[DATA SUPPLIED]
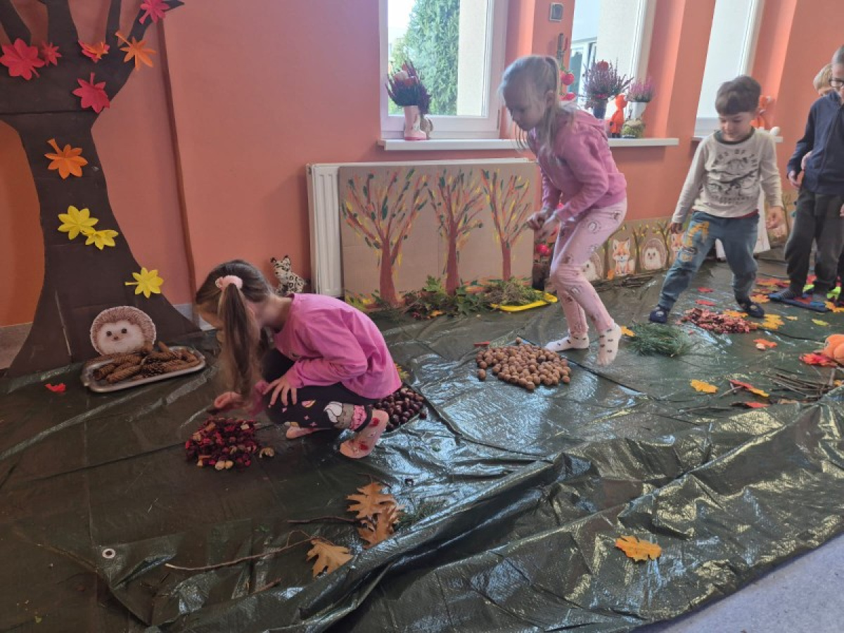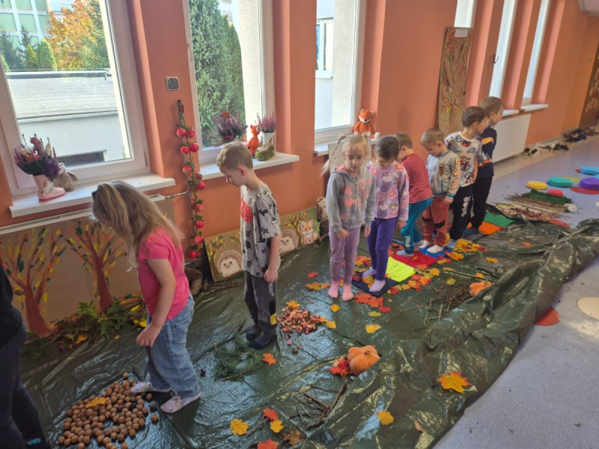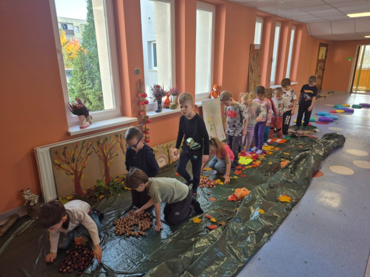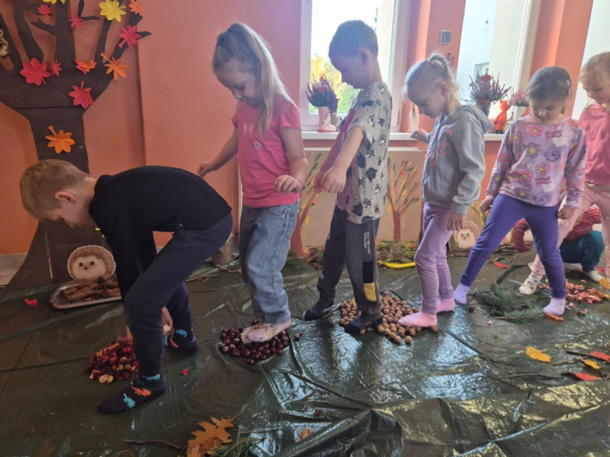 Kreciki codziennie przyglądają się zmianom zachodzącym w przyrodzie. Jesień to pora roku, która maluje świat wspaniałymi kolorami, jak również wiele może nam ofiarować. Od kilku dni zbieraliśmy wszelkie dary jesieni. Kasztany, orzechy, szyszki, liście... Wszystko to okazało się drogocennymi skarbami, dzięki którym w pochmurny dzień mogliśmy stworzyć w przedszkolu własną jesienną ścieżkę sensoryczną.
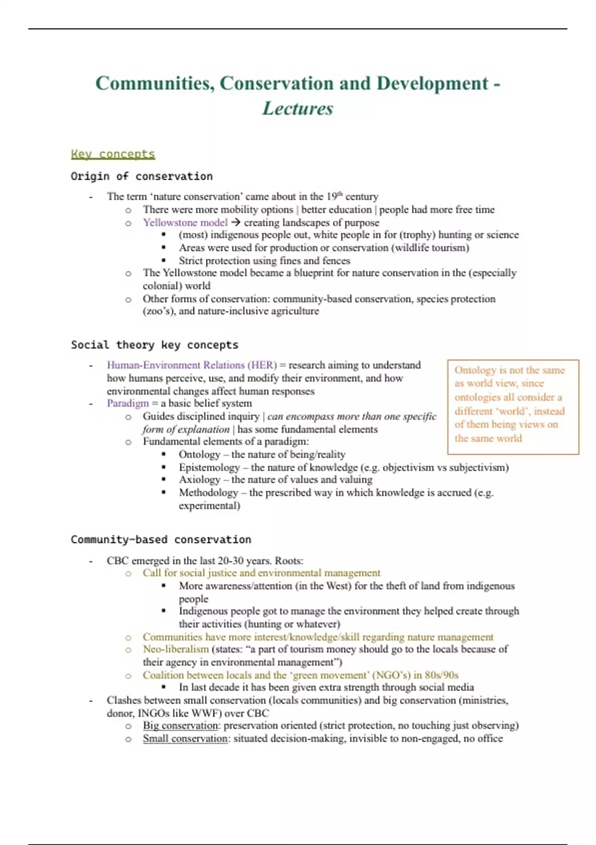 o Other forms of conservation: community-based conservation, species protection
* * *
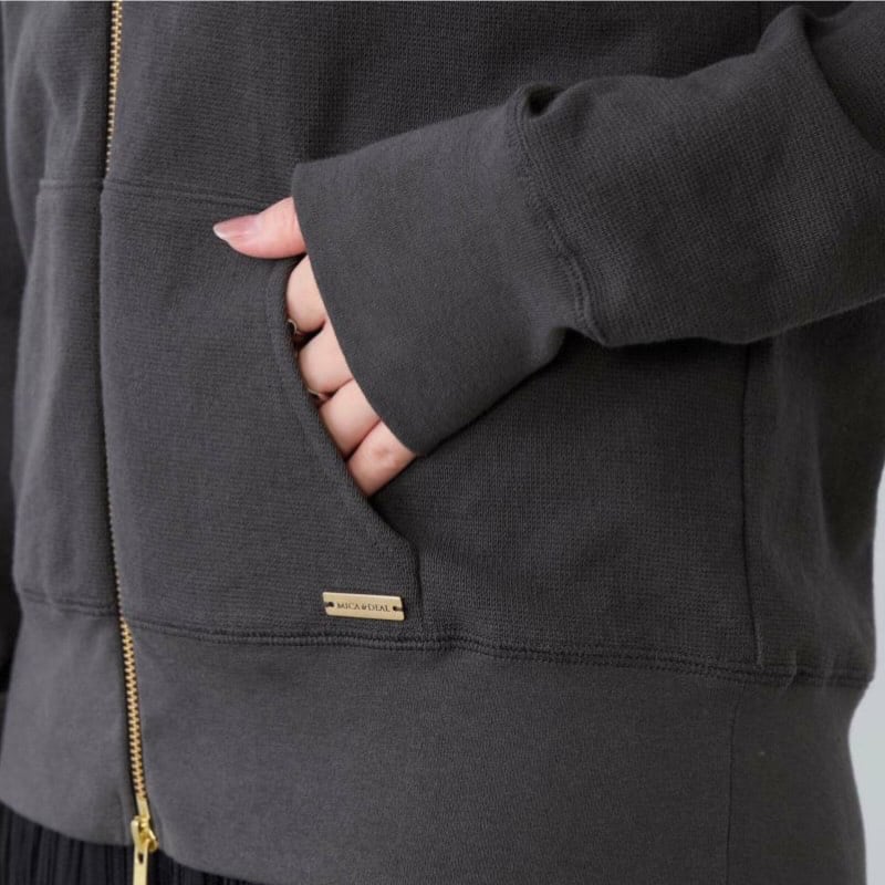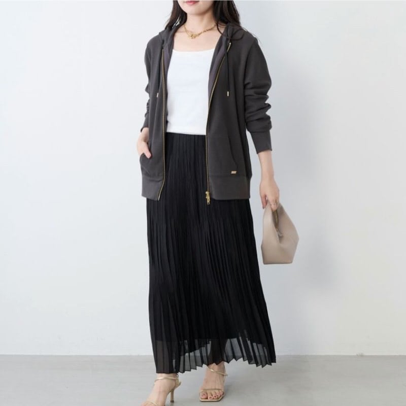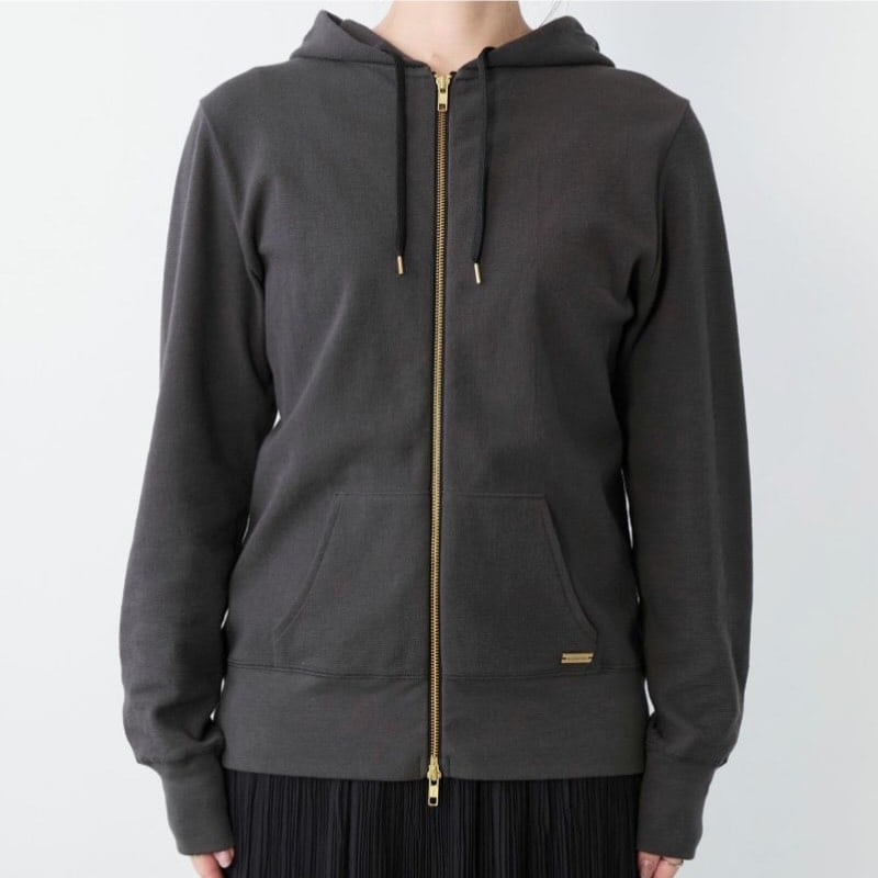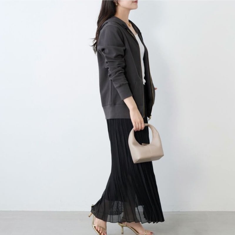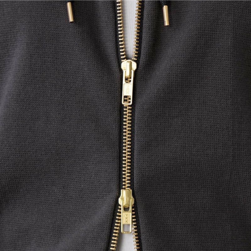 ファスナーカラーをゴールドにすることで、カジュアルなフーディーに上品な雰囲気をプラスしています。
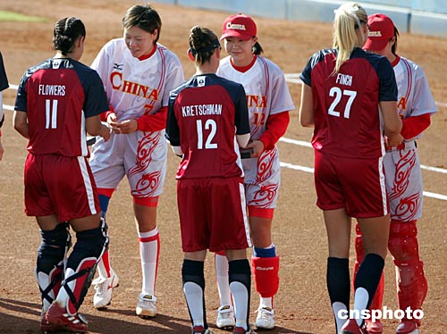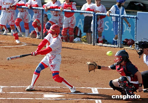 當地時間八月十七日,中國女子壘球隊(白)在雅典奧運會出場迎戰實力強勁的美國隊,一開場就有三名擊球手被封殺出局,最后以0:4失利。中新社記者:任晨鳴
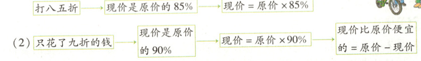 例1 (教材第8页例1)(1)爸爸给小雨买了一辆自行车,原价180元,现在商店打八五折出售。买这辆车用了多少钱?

[YOUR ASSIGNMENT] When you reach the line with "當地時間八月十七日,中國女子" in the records above, begin repeating the lines exactly, and stop after the line with "例1 (教材第8页例1)(1". Skip all pictures.

[ANSWER]
 當地時間八月十七日,中國女子壘球隊(白)在雅典奧運會出場迎戰實力強勁的美國隊,一開場就有三名擊球手被封殺出局,最后以0:4失利。中新社記者:任晨鳴
 例1 (教材第8页例1)(1)爸爸给小雨买了一辆自行车,原价180元,现在商店打八五折出售。买这辆车用了多少钱?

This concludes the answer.